- APHS has delivered a phenomenal performance (3.6x earnings) over the past five years, reporting a 24% EBITDA CAGR and reducing net debt by half, benefiting from a lower tax rate. Accordingly, the stock price has appreciated 3.6x in the same period.
- Interestingly, over FY23-25E, the outlook on operational parameters for healthcare services also remains promising (17% EBITDA CAGR) on the back of superior execution of APHS and favorable macro factors.
- The pharmacy outlook is encouraging, too, with the aggressive expansion of offline/online infrastructure and the ability of APHS to provide the entire spectrum of healthcare services to its customers.
- We have a BUY rating on APHS with a price target of INR5,600 valued on the SOTP basis (23x EV/EBITDA for hospital business, 16x EV/EBITDA for back-end pharmacy, 22x EV/EBITDA for front-end pharmacy, 30x EV/EBITDA for Apollo Health and Lifestyle (AHLL), and 4x EV/sales for Apollo 24/7).
Healthcare services: Enough scope to improve ARPOB
- APHS has good scope to optimize the payer mix/case mix toward insurance-linked patients (currently 45% of healthcare sales) and international patients (currently 6% of healthcare sales) to improve average revenue per operating bed (ARPOB).
- Even occupancy at 64% at the end of 1HFY23 is lower than the historical high of 71%. Further capital expenditure is planned to add 2,000 beds over the next five years, increasing the number of patients under treatment.
- We expect a 13%/17% revenue/EBITDA CAGR over FY23-25 for APHS.
Health Co/AHLL: Aggressive comprehensive expansion plan
- As part of its aggressive store expansion plan, APHS added 473 stores in 1HFY23 as compared to 411 stores in FY22, taking the total number of stores to 5,002 at the end of 1HFY23.
- Moreover, the share of private label sales in pharmacy sales increased to 10.7% in 1HFY23 from 6% in FY17.
- APHS is building infrastructure to support Apollo 24/7. It spent INR3b in 1HFY23 and intends to spend INR6b in FY24.

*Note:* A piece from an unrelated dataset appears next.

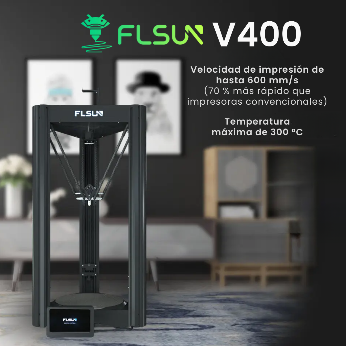 Flsun V400 es una impresora Delta 3D extremadamente fácil de usar. La impresora 3D cuenta con velocidades de impresión extremadamente altas de hasta 600 mm/s. Esto ahorra más del 70 % en comparación con los tiempos de impresión convencionales y crea impresiones 3D de alta calidad.

- APHS is also building a network of collection centers (530 added in 12M), labs (97 till date) and pick-up points (2,500+ till date) to support its diagnostic business (INR4b sales over past 12M; 30% YoY growth).
- APHS intends to build an omnichannel healthcare platform through Apollo Healthco, which comprises backend pharmacy, Apollo 24/7 digital platform, and pharmacy retail, including private labels.
Valuation and view
- We expect a 17% sales CAGR over FY23-25 to INR227b, driven by a revenue CAGR of 22%/13%/13% for back-end Pharmacy/Healthcare/AHLL. We estimate an EBITDA CAGR of 28% over FY23-25 despite huge ongoing investments in Apollo 24/7.
- We expect APHS to sustain the earnings growth momentum, given the strong execution at the existing sites and planned investments across segments to cater to a higher number of patients and gain wallet share from patients.
- We have a BUY rating on APHS with a TP of INR5600 valued on the SOTP basis (23x EV/EBITDA for hospital segment, 30x EV/EBITDA for pharmacy/AHLL segment and 4x EV/Sales for Apollo 24/7).
Key downside risks
- Lower volumes from international patients: Any adverse macro event like geopolitical/pandemic may likely lead to reduced patient volumes from medical tourism which may impact profitability adversely.
- Impact of regulatory challenges: The hospital industry is highly prone to government regulations. The regulations with respect to pricing cap on services/ patient charges might impact the business profitability adversely.